Liu Yang, Li Guanbin, Lin Liang
IEEE Trans Pattern Anal Mach Intell. 2023 Oct;45(10):11624-11641. doi: 10.1109/TPAMI.2023.3284038. Epub 2023 Sep 5.
Existing visual question answering methods often suffer from cross-modal spurious correlations and oversimplified event-level reasoning processes that fail to capture event temporality, causality, and dynamics spanning over the video. In this work, to address the task of event-level visual question answering, we propose a framework for cross-modal causal relational reasoning. In particular, a set of causal intervention operations is introduced to discover the underlying causal structures across visual and linguistic modalities. Our framework, named Cross-Modal Causal RelatIonal Reasoning (CMCIR), involves three modules: i) Causality-aware Visual-Linguistic Reasoning (CVLR) module for collaboratively disentangling the visual and linguistic spurious correlations via front-door and back-door causal interventions; ii) Spatial-Temporal Transformer (STT) module for capturing the fine-grained interactions between visual and linguistic semantics; iii) Visual-Linguistic Feature Fusion (VLFF) module for learning the global semantic-aware visual-linguistic representations adaptively. Extensive experiments on four event-level datasets demonstrate the superiority of our CMCIR in discovering visual-linguistic causal structures and achieving robust event-level visual question answering.
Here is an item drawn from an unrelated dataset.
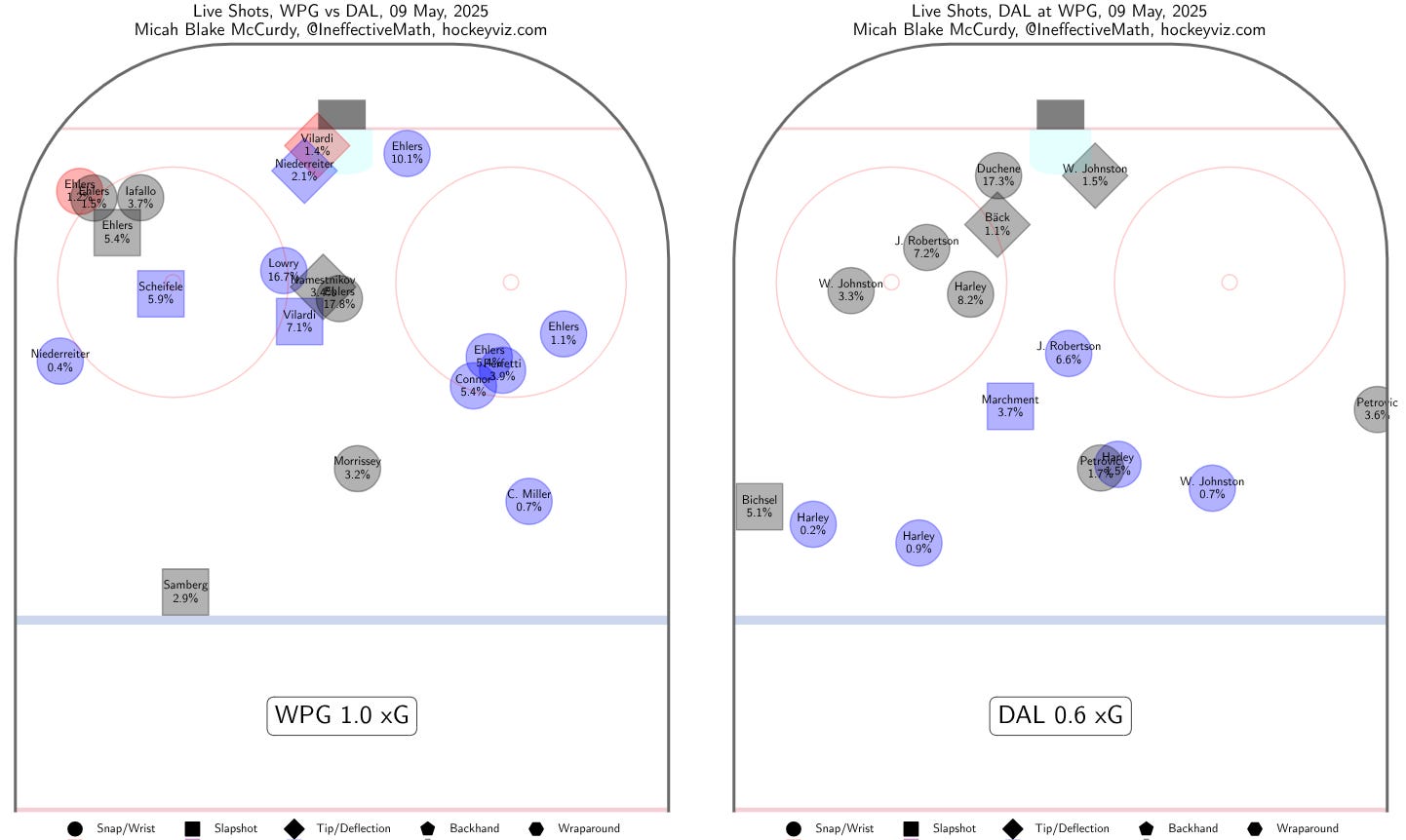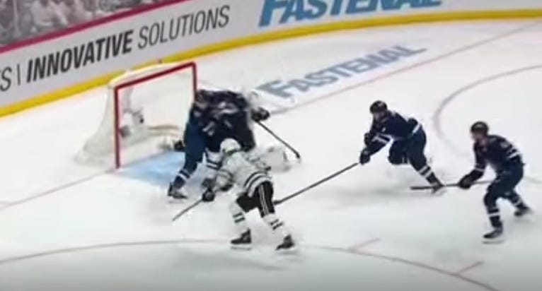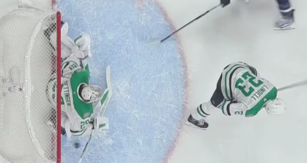 Dallas killed the first two minutes efficiently, though Kyle Connor did what Dallas saw them doing in Game 1, in taking the space Dallas’s PK gives down low and trying to curl in front and rip a puck over Oetting’er shoulder at the near post.

现有的视觉问答方法常常受到跨模态虚假相关性以及过于简化的事件级推理过程的困扰,这些推理过程无法捕捉视频中跨越的事件时间性、因果关系和动态变化。在这项工作中,为了解决事件级视觉问答任务,我们提出了一个跨模态因果关系推理框架。具体而言,引入了一组因果干预操作,以发现视觉和语言模态之间潜在的因果结构。我们的框架名为跨模态因果关系推理(CMCIR),包括三个模块:i)因果感知视觉-语言推理(CVLR)模块,用于通过前门和后门因果干预协同解开视觉和语言的虚假相关性;ii)时空变换器(STT)模块,用于捕捉视觉和语言语义之间的细粒度交互;iii)视觉-语言特征融合(VLFF)模块,用于自适应地学习全局语义感知的视觉-语言表示。在四个事件级数据集上进行的大量实验证明了我们的CMCIR在发现视觉-语言因果结构以及实现稳健的事件级视觉问答方面的优越性。